As a user statistic assistant, I continuously monitored user experiences from closed to open beta, analyzed player retention, and devised data-driven strategies for a 3% increase in the 3-day retention rate. I also designed and analyzed surveys during 3-day, 7-day, and 14-day testing phases, and conducted in-depth interviews to identify reasons for player churn during the 7-14 day period, producing actionable reports.
As a bussiness analytics assistant, I conducted in-depth industry research on online education and adult education, exploring dimensions such as market trends, sub-sectors, key players, and competitors. Through thorough desktop research, I analyzed the existing business models across various segments of the industry value chain. The findings provided a comprehensive understanding of the industry's current landscape. Subsequently, I offered strategic support for Baidu Library's market entry, drawing on insights gained from the analysis.

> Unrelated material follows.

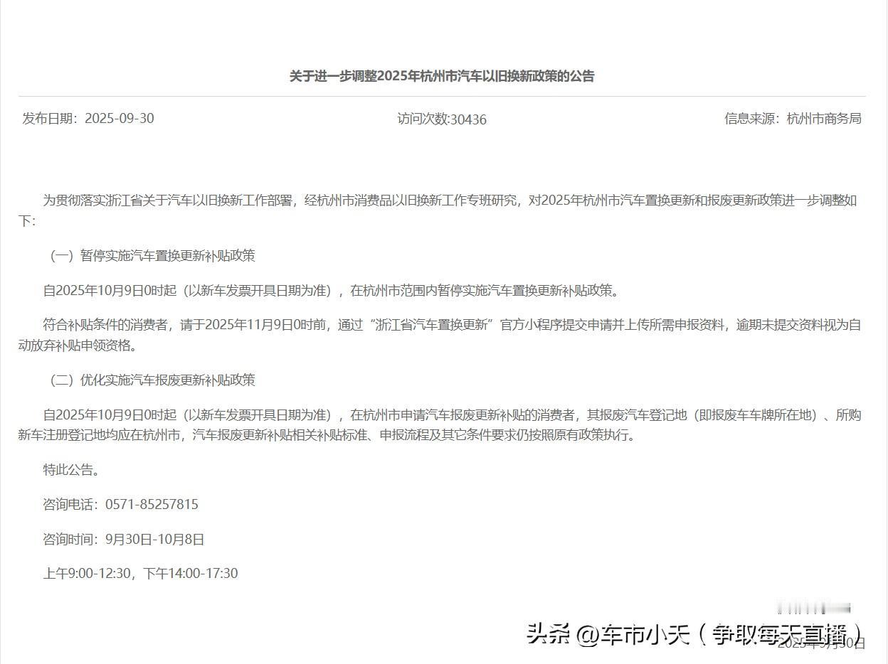杭州市的汽车置换补贴将于2025年10月9日0时停止,在截止日期之前开具新车发票

As a data analytics assistant, I cleaned and annotated over 10,000 records in the database, and assisted to train the company's classificaiton model with the cleaned data, Additionally, I developed a Python web scraper to collect financial news from more than 10 reputable companies as new materials for the company's NLP model.
Working with the professor on the project of Inference on SNDS databse with quantitative measurement, I simulated bipartite data between patients and doctors corresponding to the calibrated model, and estimated the potential costs of each visits with a second-ordred model. Besides, I estimated two-way fixed effects and coefficients with logistic regression model based on the simulated bata, and in the end evaluated the results with different methods including euclidean norms and cross validation, and validated the results via analysis on bigger scale of data with Spark.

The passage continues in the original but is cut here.